Acá en la oficina todo sigue con la chatura de
siempre: comenzar la jornada desayunando (el momento que más disfruto del
trabajo), los chistes con mis compañeros, la misma tanda de oficios judiciales
con pedidos de los jueces y abogados, casi similares reclamos por parte de mi
jefe, en suma…Pero no puedo soslayar que algo cambió profundamente en mis días
desde que una persona muy particular ingresó en ellos: Eliseo Ruckert, el
arquitecto quincuagenario que fuera una esponja para mi sueldo. Nos reencontramos
gracias a los milagros de la Internet después de diez años sin tener noticias
uno del otro. Su vida seguía casi tan estática como siempre, con la novedad de
que Sonsoles, su única hija –que la última vez que nos vimos tenía ocho años -,
ahora era una adolescente con más carácter que desarrollo físico. Y su sequía
laboral…El padecía las consecuencias de no saber liderar grupos humanos, algo
fundamental en el ejercicio de la arquitectura. Por lo que toda obra que
comenzaba terminaba por frustrarse por supuestas causas contingentes (como el
incumplimiento de albañiles, carpinteros, etc.), y sus clientes optaban por
contratar a otro profesional. En esas circunstancias fue que nos reencontramos
con “Eli”, como yo solía decirle cariñosamente.
A los pedidos de ayuda financiera para pagar los
gastos varios de Sonsoles, le siguieron los préstamos para saldar el alquiler
del hogar, ya que su casa de siempre la ocupaba Domitilia, su ex esposa, y
según el acuerdo judicial al que habían arribado. Ocurría que la joven Sonsoles
había elegido vivir con su padre porque Domitilia sufría de alteraciones
mentales que la volvían una mujer peligrosa y difícil de sobrellevar. En ese
contexto decidimos –después de nueve meses de filtreos-, intentar una
convivencia en su casa de calle Zeballos mil trecientos veinte, para comodidad
de los dos, dada la frecuencia cada vez mayor con que nos veíamos y la generosa
distancia que separaba a ambos hogares. Tengo la seguridad de que podríamos
haber echado raíces allí de no haber sido por los ataques de celos de la
jovencita.
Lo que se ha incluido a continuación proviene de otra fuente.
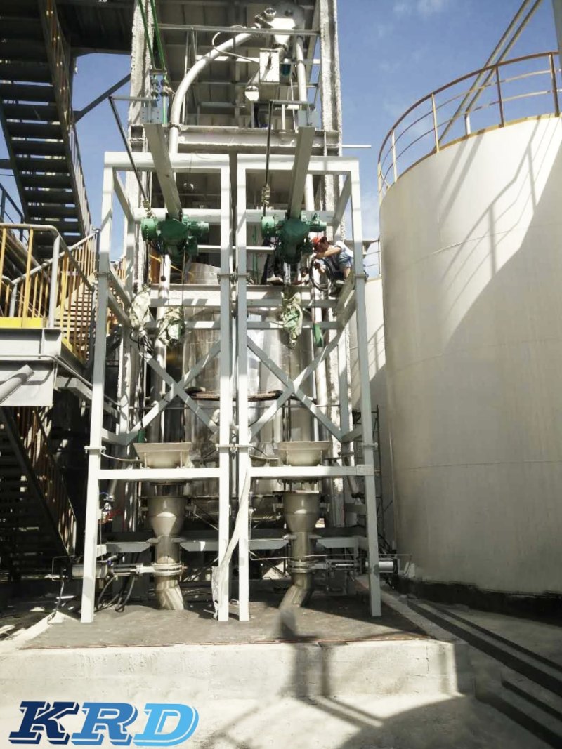 吨袋卸料站主要用于对吨袋包装的物料进行解包和卸料,卸料站用电动葫芦将吨袋提升到吨袋架上,打开流量控制阀和振动下料装置促使包装袋内的粉粒状物料通过自重落到下方料斗中。
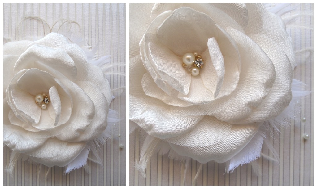 | Single ivory silky satin and silk organza flower with cluster embellishments and feathers |
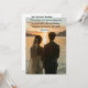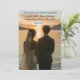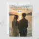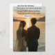 An AI-generated traditional wedding invitation of a realistic lady and her gentleman looking at the horizon on a late day (probably after their wedding), with a most romantic quote about true love by Antoine de Saint Exupéry.
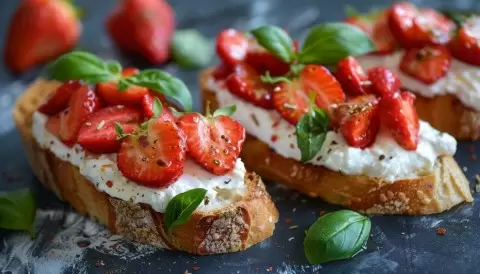 - Сборка: На каждый ломтик багета выложите слой рикотты, а сверху аккуратно разместите клубничные слайсы. Для завершения добавьте несколько листочков свежего базилика — они придадут уникальный аромат всему блюду.
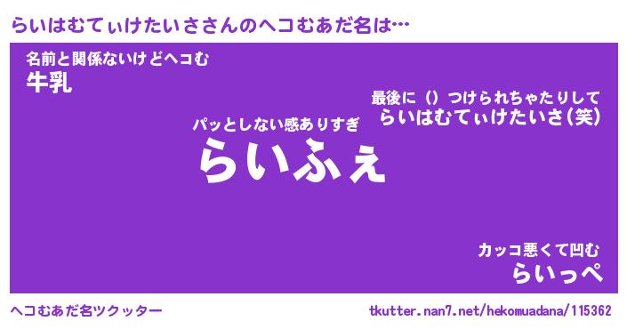| ヒーロー風カッコイイあだ名 | 『スーパーライハムティケタイサ』 |

Desde que instalé la valija en el dormitorio, la muchacha no dejaba
de atacar a Eli por las nimiedades más variadas, situación que me ponía de mal
humor y me situaba en la incómoda postura de permanecer neutral, ya que la muy
astuta me negaba todo tipo de participación y hasta me había retirado el
saludo. Sólo agregaré que a esta convivencia fallida de dos meses, le siguió un
injusto maltrato de él hacia mí, cuando decidí dejar de ser la monja caritativa
que encubría con dinero su falta de apertura social y liderazgo en las
construcciones edilicias. La bomba estalló en el viaje que programamos a
Santiago de Chile, reservado para pasar quince días juntos, y que sólo duró
dos, cuando después de la quinta discusión decidí volverme sola.
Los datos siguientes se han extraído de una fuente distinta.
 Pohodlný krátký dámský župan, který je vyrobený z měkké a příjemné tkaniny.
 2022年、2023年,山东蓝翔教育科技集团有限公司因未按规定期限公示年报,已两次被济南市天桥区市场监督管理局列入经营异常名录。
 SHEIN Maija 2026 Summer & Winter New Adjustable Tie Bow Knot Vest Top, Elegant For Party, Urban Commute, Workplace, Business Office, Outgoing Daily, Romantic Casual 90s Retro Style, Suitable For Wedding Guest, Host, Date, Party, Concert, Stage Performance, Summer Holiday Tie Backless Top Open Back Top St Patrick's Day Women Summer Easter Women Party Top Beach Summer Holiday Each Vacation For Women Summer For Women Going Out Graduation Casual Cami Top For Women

Dicen que la vida es pendular y que la inercia de los
sucesos es lo que prevalece, por más esfuerzos que se realicen. De esto no
tengo la menor duda. Porque no creo que mi madre sea un verdadero escollo en
mis noviazgos fallidos; ni siquiera con las cinco o seis llamadas que me hace
por día, ya que tengo bien en claro que el consentimiento a alguno de sus
caprichos es algo provisorio, algo que se va a terminar el día que forme una
familia. No puedo negar que he llenado mis horas con actividades de toda
especie, aparte de las clases de pakua en el instituto. Hasta llegué a
participar en un taller de paisajismo porque me aburría en las tardes libres y
vi el anuncio en el diario. Yo me encargué de darle forma al mundo que me
mantuvo en movimiento desde el quiebre con Eliseo, y tal es la dinámica diaria
que ya ni escucho a las canciones enteras. Era de esperarse que los días de mi
prima Joana en mi hogar duraran lo que un pestañeo, y que con ellos se
estropeara un vínculo de tantos años, aunque en su momento no lo advertí y creí
hacerle un bien.
Los primeros síntomas de la ruptura comenzaron con su
desidiosa falta de colaboración con las tareas del hogar y hasta con el pago de
los impuestos, a pesar de los costosos cursos en los que invertía con descaro.
Su actitud pareció ser la de un turista o pensionado, llegando al colmo de la
inexperiencia cuando quiso rellenar los alcauciles con salsa y carne picada,
sabiendo cualquier cocinera con mínima práctica que el relleno se hace con
queso y atún. No quiero volver a rememorar la reconciliación con Toto, el
grosero de su novio, después de haber llorado durante días y pedirme toda clase
de consejos ante las sospechas de que la engañaba. Pero hubo un hecho puntual
que me decidió a que le pidiera que pensara en otro lugar para vivir. Ocurría
que cada vez que yo le comentaba algún proyecto, de la especie que fuera, dicho
proyecto fracasaba con un éxito rotundo. Ejercía una especie de nube negra,
alentada por los vientos miserables de la envidia o del desmerecimiento. La
decisión más importante que tomé desde que Joana partió fue vender de una vez
esa cama de dos plazas que estaba siempre como a la espera de otra persona.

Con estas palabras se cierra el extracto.